POR UN PERÚ MAYOR
¿DEBEMOS CESAR LA LUCHA O RESISTIR?

Homosexualidad y opiniones pontificias

El Catolicismo no cambia de rumbo por opiniones, presiones ni modas

Las autoridades religiosas, y en primer lugar el Papa, tienen la sublime misión de custodiar la Revelación Divina y la integridad de la Fe recibida a través de la tradición. La Iglesia Católica no basa su doctrina ni sus rumbos en las ideas de las mayorías, mucho menos en sus caprichos. Tampoco en los deseos de minorías ni lobbies, como tampoco en las modas pasajeras del mundo. Ni siquiera vale, para estos efectos, la opinión personal de las autoridades eclesiásticas, aun la del mismo Papa.

Las palabras de Francisco causan conmoción internacional

De ahí que las palabras de Francisco acerca de las uniones homosexuales hayan provocado un verdadero terremoto dentro y fuera de la Iglesia.
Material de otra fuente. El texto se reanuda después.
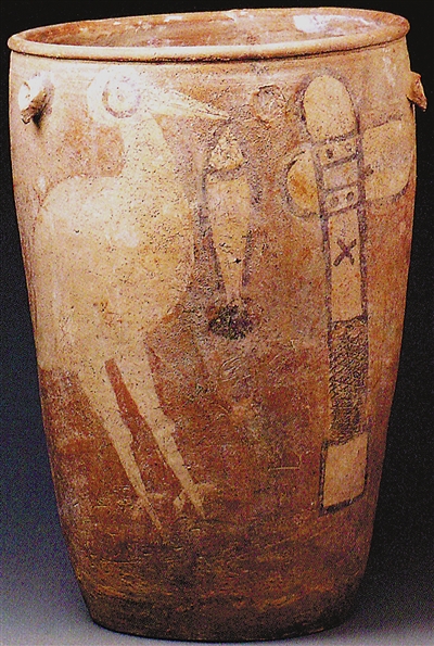 河南汝州閻村出土、現(xiàn)藏中國國家博物館的仰韶文化《鸛魚石斧紋陶缸》,距今約5000多年,高47厘米,口徑32.7厘米,在彩陶里算是器型很大的作品。陶缸的側(cè)面,繪有一只白色鸛鳥,雙腿直立,身體粗壯,眼睛圓瞪,口中銜著一條大魚,鳥的前方,還繪有一件綁在棍棒上的斧鉞,繪畫的風格非常寫實。鳥銜魚的畫面,讓人不禁聯(lián)想到清代著名詞人納蘭性德的《摸魚兒·午日雨眺》:“臺榭空蒙煙柳暗,白鳥銜魚欲舞?!兵B和魚的組合,三國曹魏時期玄學家何晏曾在《景福殿賦》中詠唱:“悠悠玄魚,??白鳥?!焙髞?,白鳥銜魚則成為唐詩中的一個典故,唐代詩人劉長卿《青溪口送人歸岳州》詩曰:“洞庭何處雁南飛,江菼蒼蒼客去稀。帆帶夕陽千里沒,天連秋水一人歸。黃花裛露開沙岸,白鳥銜魚上釣磯。歧路相逢無可贈,老年空有淚沾衣?!睆脑姼鑳?nèi)容來看,白鳥銜魚跟送別的意象是連接在一起的。不過,生活在仰韶時代的早期先民對后世的這種詩意,恐怕是體會不到的,然而,這個陶罐的具體用途是葬具,也可以說是另外一個層面的送別吧。

Y no es la primera vez.

¿Qué dijo el Santo Padre? No hubo declaración oficial; nada que se parezca a una enseñanza magisterial desde la Cátedra de Pedro. Fueron opiniones expresadas en la conferencia de prensa del 15 de setiembre de 2021, al terminar su visita apostólica a Eslovaquia. En síntesis: el actual Sumo Pontífice ve con benevolencia la legalización de las uniones homosexuales, aunque admite que el sacramento del “matrimonio” es únicamente para parejas heterosexuales [1].
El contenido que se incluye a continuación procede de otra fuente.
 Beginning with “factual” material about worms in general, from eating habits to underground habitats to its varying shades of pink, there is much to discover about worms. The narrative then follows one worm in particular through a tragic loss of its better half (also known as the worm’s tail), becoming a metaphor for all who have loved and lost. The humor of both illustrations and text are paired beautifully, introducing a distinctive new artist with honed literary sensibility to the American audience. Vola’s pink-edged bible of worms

Tales palabras confirman las incluidas en el documental “Francesco”, que tanto revuelo causaron en octubre y noviembre de 2020: “lo que tenemos que hacer es una ley de convivencia civil; tienen derecho a estar cubiertos legalmente” [2].

Francisco recibe a dos "novias" invitadas por él. Una de ellas, que ha cambiado su nombre a Diego Niera, se ha sometido a mutilaciones quirúrgicas y recibe tratamiento hormonal para tener características masculinas.

Ambas declaraciones, sumadas a las iniciativas del Papa para entrar en contacto con homosexuales y transexuales —mediante cartas, llamadas telefónicas y audiencias— han repercutido en la prensa mundial y vienen acarreando cambios de actitud en varios obispos, sacerdotes y fieles ante los pecados tradicionalmente llamados contra la naturaleza. Lamentablemente, no existen esclarecimientos de la autoridad vaticana que despejen todas las dudas que esto suscita, tanto en materia de doctrina como de práctica pastoral.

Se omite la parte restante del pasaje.